Thanks for your interest in contributing to CodeJam! This document provides guidelines and instructions for contributing.

Discussions

The CodeJam team consists primarily of Russian speakers. Most discussions take place on the RSDN project forum.

For English speakers, please use GitHub issues for discussions.

Project Artifacts

All project artifacts—including member naming, documentation, code comments, issues, and wiki content—should be in English.

Improving the Guidelines

Feel free to fix typos, phrasing errors, or obvious mistakes in the documentation. For more significant changes, please open an issue first to discuss your proposed changes.

What Can You Contribute?

We welcome contributions that align with CodeJam's mission:

CodeJam is a collection of reusable .NET components that simplify everyday development tasks by eliminating the need to copy helper methods and utility classes between projects.

Guidelines

  • Quality bar — CodeJam aims to provide the same level of API design and usability as the .NET Framework. New additions will be reviewed for consistency with existing conventions. We may suggest naming changes or adjustments to follow framework design guidelines. Be prepared for discussion!

  • No third-party dependencies — We keep the library lightweight and easy to integrate.

  • Specialized code — Platform-dependent or specialized functionality should go into separate packages such as CodeJam.Extensibility or CodeJam.Web.

Development Setup

Prerequisites

The project supports standard clone, restore, and build workflows. Ensure you have the following:

ReSharper Integration

We include ReSharper settings (.CodeJam.sln.DotSettings) to help maintain consistent code style.

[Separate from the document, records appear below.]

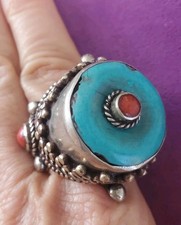 Antique Natural Old Turquoise & Coral Handmade Tibetan Ring Size 11
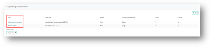 Systemet åbner en tom planaktivitet, der udfyldes som på en lokal aktivitetsplan. Dette er beskrevet i afsnittet Planaktivitet. Hvis du ønsker at se detaljer om en eksisterende planaktivitet, eller ønsker at redigere i en lokal oprettet planaktivitet skal du først åbne den. Dette gør du ved at klikke på linket i kolonnen Type.
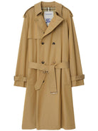 LONG TRENCH COAT IN BEIGE COTTON GABARDINE. IT FEATURES EPAULETTES, HOOK CLOSURE ON COLLAR, DOUBLE-BREASTED CLOSURE, DETACHABLE BELT WITH B-SHAPED BUCKLE, TWO SIDE WELT POCKETS, BELTED CUFFS AND BACK VENT. BURBERRY CHECK COTTON LINING WITH EQUESTRIAN KNIGHT DESIGN LABEL. RELAXED FIT.
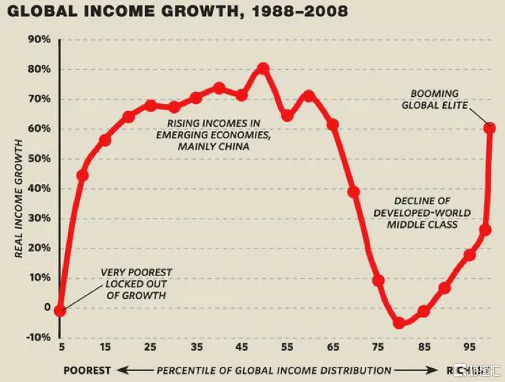 這就是那條著名的“大象曲線”,反映了全球收入的不平等狀況。從1988年到2008這20年間,收入增長最快的有兩部分人,一部分是發(fā)達國家那1%的全球化精英,另一部分是發(fā)展中國家的中產(chǎn)階級,尤其是中國。有贏就有輸,相對的輸家就是發(fā)達國家的中產(chǎn)階級和中下層階級。
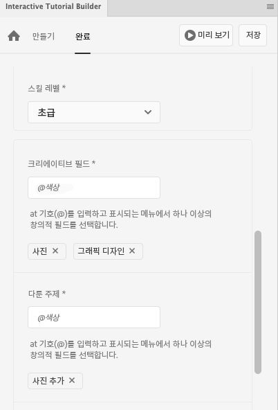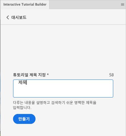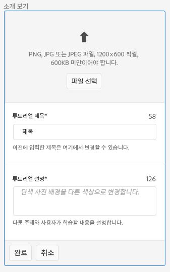 - 이전 화면에서 입력한 튜토리얼 제목을 변경할 수 있습니다. 그러나 사용자에게 보이는 제목만 변경할 수 있으며, 문서 식별자를 변경할 수 없습니다.
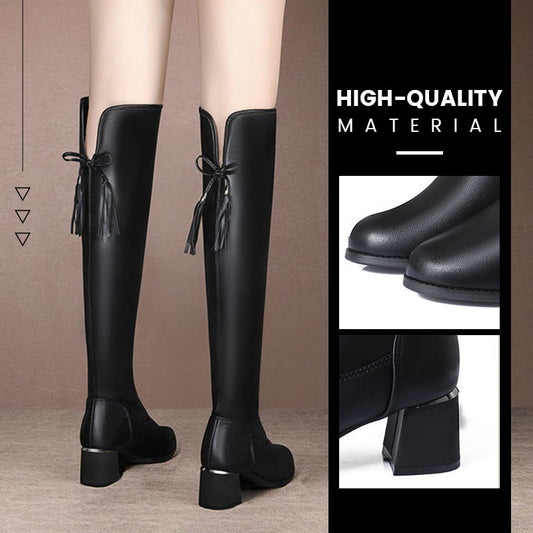 🔥Pointed Toe Chunky Heel Knee High Boots
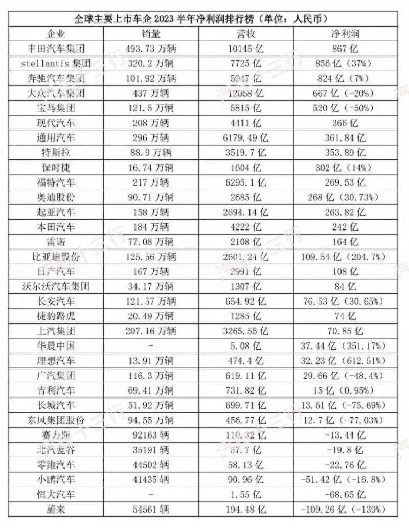 相比之下,作为中国2023上半年经营质量最好的车企,比亚迪股份109.54亿元人民币的净利润位列雷诺汽车之后,仅排在全球主要上市车企的第15名,这充分说明,中国车企经营质量与全球汽车企业仍存在不小差距。

  1. If you have ReSharper installed, fix all code issues with severity higher than Hint before submitting changes.
  2. If you don't use ReSharper, consider using ReSharper Command Line Tools.
  3. If a ReSharper recommendation is obviously incorrect, suppress it using "Disable once with comment."
  4. For concerns about team-wide settings, please file an issue first.

ReSharper Extensions

We recommend the free ReSpeller extension for spell checking. Add unrecognized words to the solution team-shared dictionary via Add custom word to user dictionary > Save To > Solution team-shared.

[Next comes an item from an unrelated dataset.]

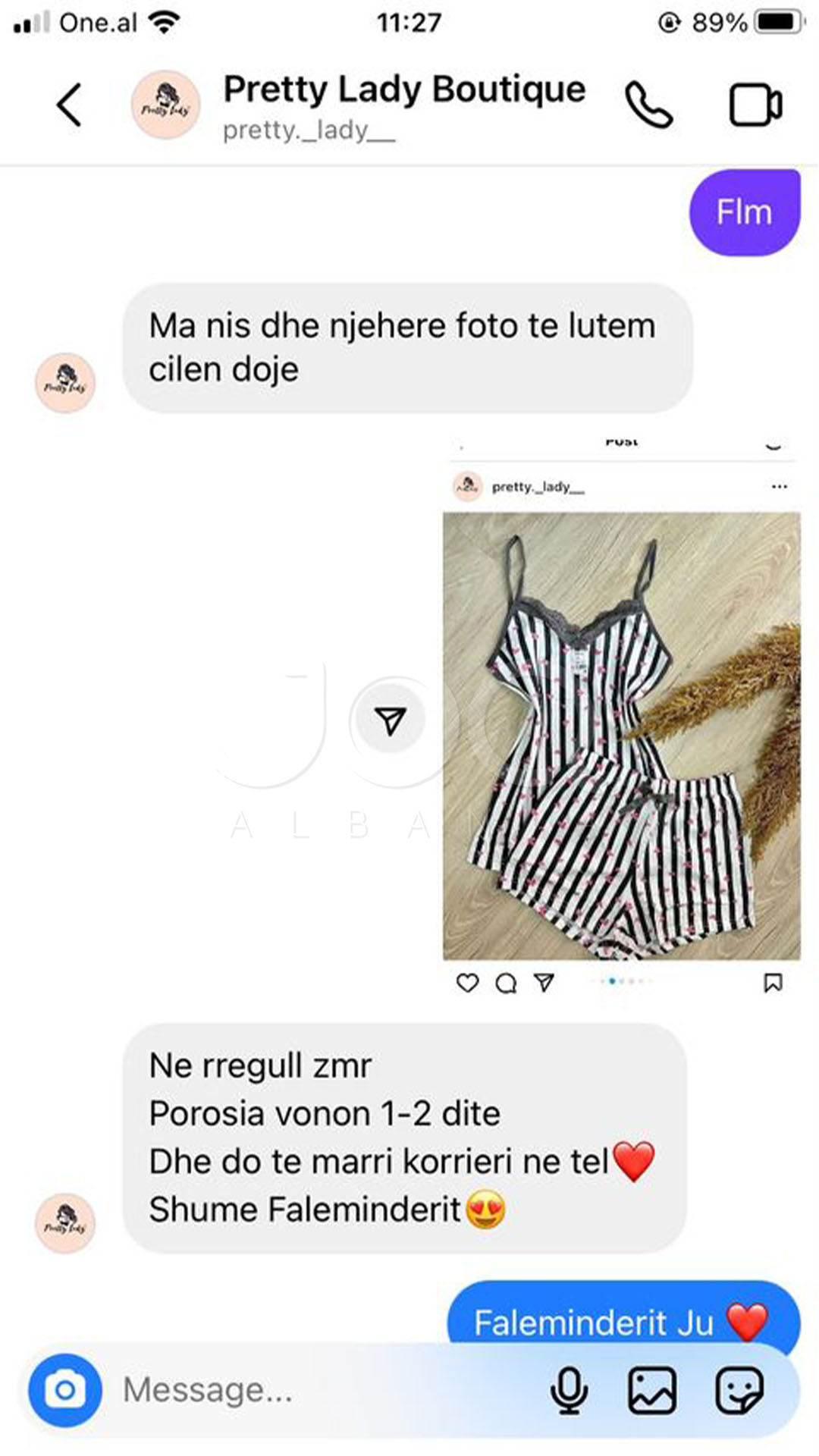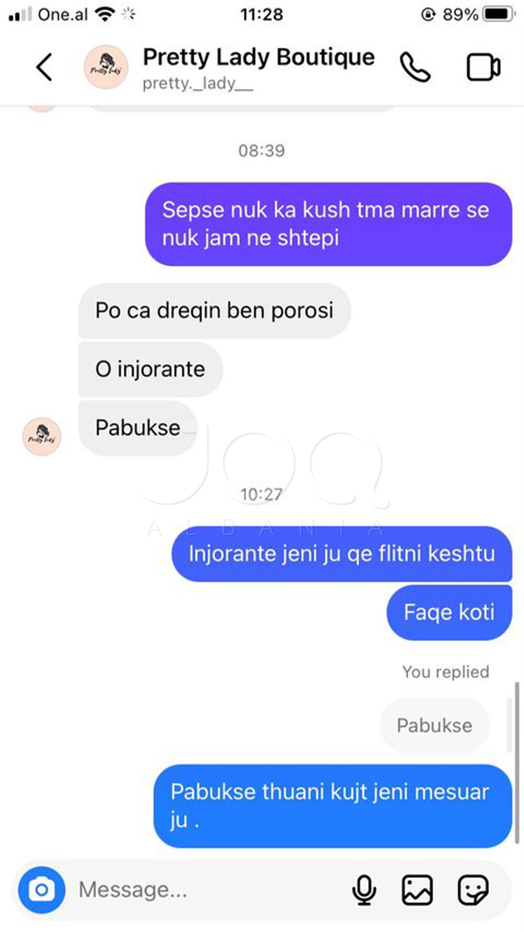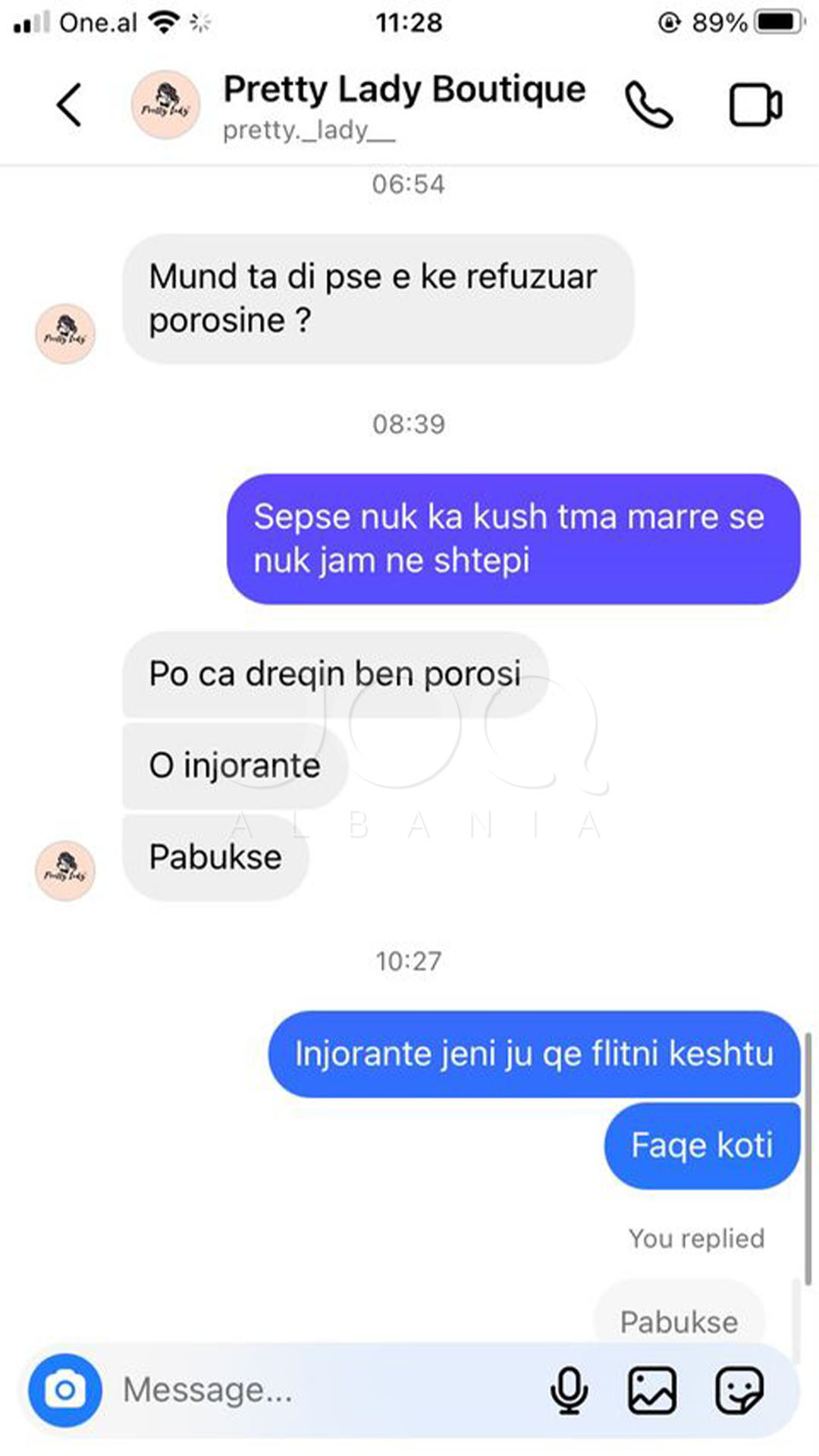 Sipas qytetares, në momentin që i ka thënë faqes se nuk mund ta marrë porosinë në kohë, stafi i shitjeve online, i është përgjigjur duke e cilësuar qytetaren si pabukse dhe injorante. Vajza ka nisur edhe mesazhet që ka bërë me personin që administron faqen ku ajo kishte porositur rroba online.
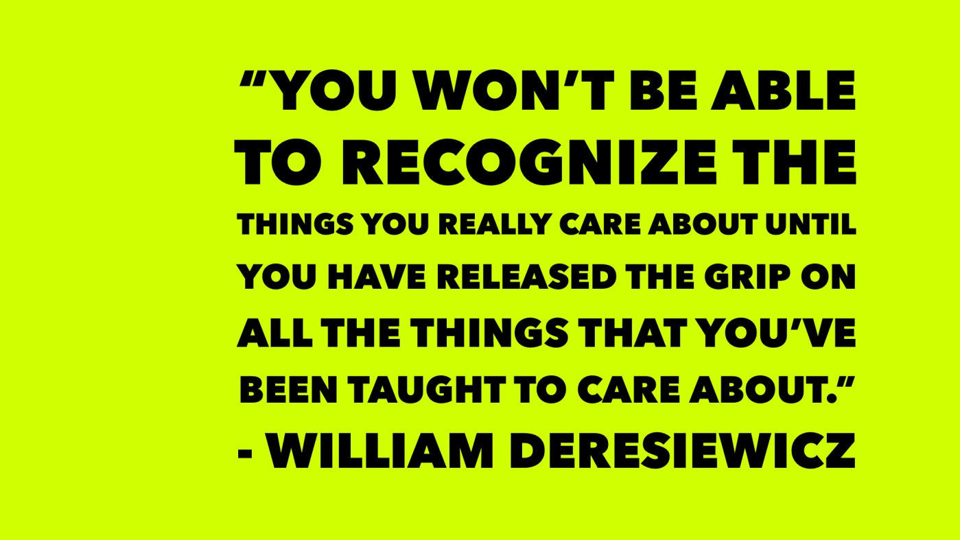 “You won’t be able to recognize the things you really care about until you have released your grip on all the things that you’ve been taught to care about.” – William Deresiewicz

Alternatively, you can use the VS Spell Checker extension, though it doesn't check typos in code.

Markdown Files

Use any editor or extension to edit .md files. Please ensure your changes are compatible with GitHub Flavored Markdown.

Coding Conventions

Our coding conventions are based on the .NET Core project guidelines with a few exceptions.

Key Rules

  1. Braces — Use Allman style braces. Each brace begins on a new line. Single-line blocks should not use braces.

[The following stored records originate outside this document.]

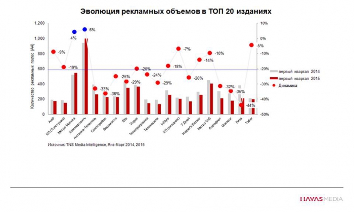 Более заметно падение рекламных объемов в изданиях, ориентированных на Beauty (Cosmopolitan, Glamour) и mass-market (7 Дней, Лиза, Антенна-Телесемь, Теленеделя).
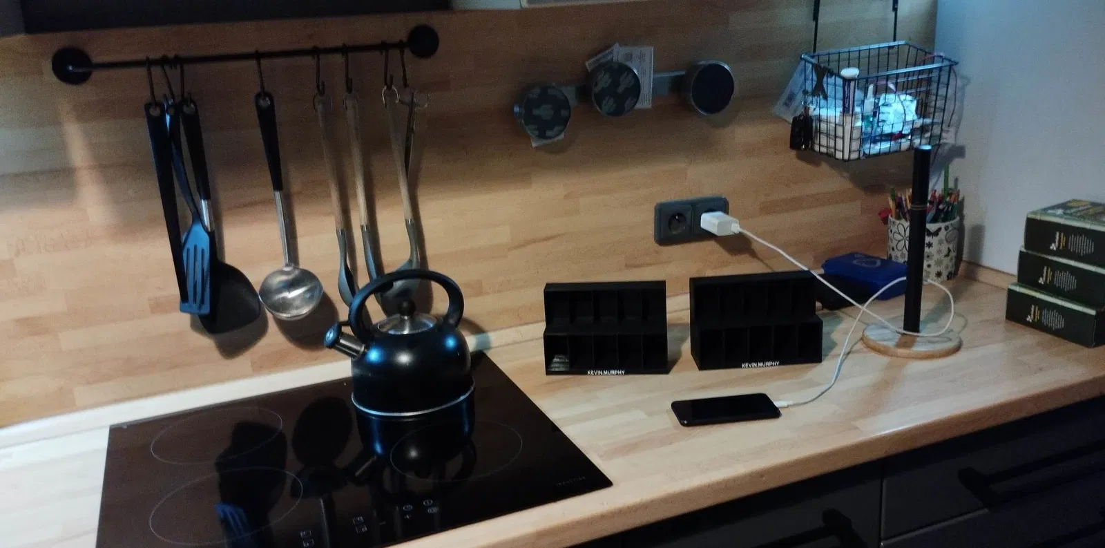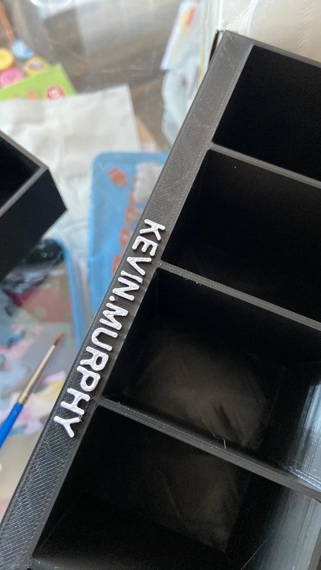 Chào mừng đến với hồ sơ của tôi, nơi có đầy đủ các mô hình và bản thu nhỏ. Tôi có một chiếc kệ đựng đồ hiệu Kevin Murphy dành cho bạn đây. Mẫu này được in không cần hỗ trợ (supports).
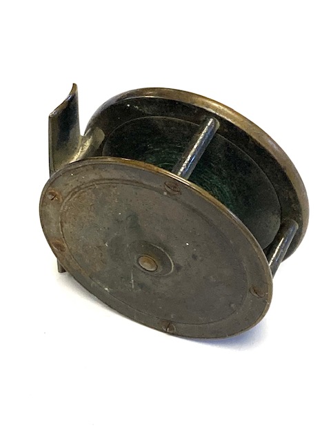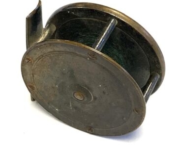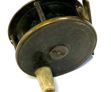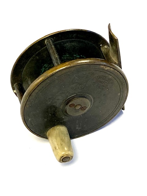 Hardy Brass Birmingham 2.75″ fly reel with rod in hand

  2. Indentation — Use tabs, not spaces.

  3. Fields — Use _camelCase for internal and private fields. Prefix with _. Use readonly where possible. For static fields, readonly should come after static (e.g., static readonly).

  4. this. keyword — Avoid unless absolutely necessary.

  5. Visibility — Always specify visibility explicitly (e.g., private string _foo, not string _foo). Visibility should be the first modifier (e.g., public abstract, not abstract public).

  6. Using directives — Place at the top of the file, outside of namespace declarations. Sort alphabetically.

  7. Blank lines — Avoid more than one consecutive blank line.

  8. Trailing spaces — Avoid spurious trailing spaces. Enable "View White Space" (Ctrl+E, S) in Visual Studio to detect them.

  9. var keyword — Use var when the type is obvious.

  10. Language keywords — Use language keywords instead of BCL types (e.g., int, string, float instead of Int32, String, Single).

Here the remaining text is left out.